In particular, one drawback of this prior art technique is that all the 3D models obtained for a sequence of pictures are only partially redundant, thus making this technique unsuited to applications of free navigation in a scene.
Indeed, the different 3D models obtained are expressed in different reference systems and show numerous imperfections (in terms of drift, aberrant points etc).
Another drawback of this prior art technique is that, although it is oriented toward encoding (unlike in the other approaches described here above), it is scalable only from the viewpoint of the texture of the pictures, and not from that of the geometry.
This method is therefore unsuited or ill-suited to implementation in display terminals having a very wide variety of processing capacities or to transmission networks of variable bit rate.
The invention is aimed especially at overcoming these drawbacks of the prior art.
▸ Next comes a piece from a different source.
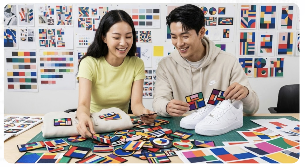 弘大店はワッペンのデザインが非常に個性的で、ストリートアートを意識したグラフィティ風のロゴや、弘大店限定のキャラクターワッペンなど、他の店舗では見かけないデザインが豊富に揃っています。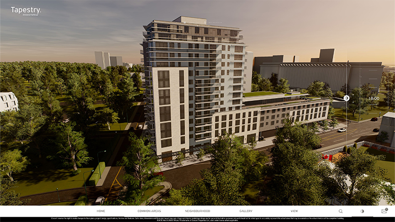 Tapestry is a senior living condo project. The building features custom lifestyle amenities and services. Located in Victoria Harbour, the location features lush parks, waterfront and great restaurants.

More specifically, it is a goal of the invention to provide a technique for the representation of a sequence of pictures by 3D models that is suited to any type of sequence of fixed or static pictures, or scenes, including complex ones. In particular, it is the goal of the invention to implement a technique of this kind that enables the reconstruction of a scene, on which no assumption is made, that is acquired with an apparatus that is a large-scale consumer product, for which neither the characteristics nor the movement is known.
It is another goal of the invention to implement a technique of this kind that can be used to obtain a sequence reproduced by reprojection of high visual quality, even when there is a movement away from the original path of the camera used for the acquisition of the sequence.
It is yet another goal of the invention to provide a technique of this kind that is suited to low and very low bit rates.
It is also a goal of the invention to implement a technique of this kind that is particularly well suited to large-sized scenes.
It is yet another goal of the invention to provide a technique of this kind that is suited to applications of encoding and virtual navigation.
It is yet another goal of the invention to implement a technique of this kind that can be used to obtain scalable representations of the sequence of pictures, so as to enable transmission on networks with different bit rates, especially for portable applications.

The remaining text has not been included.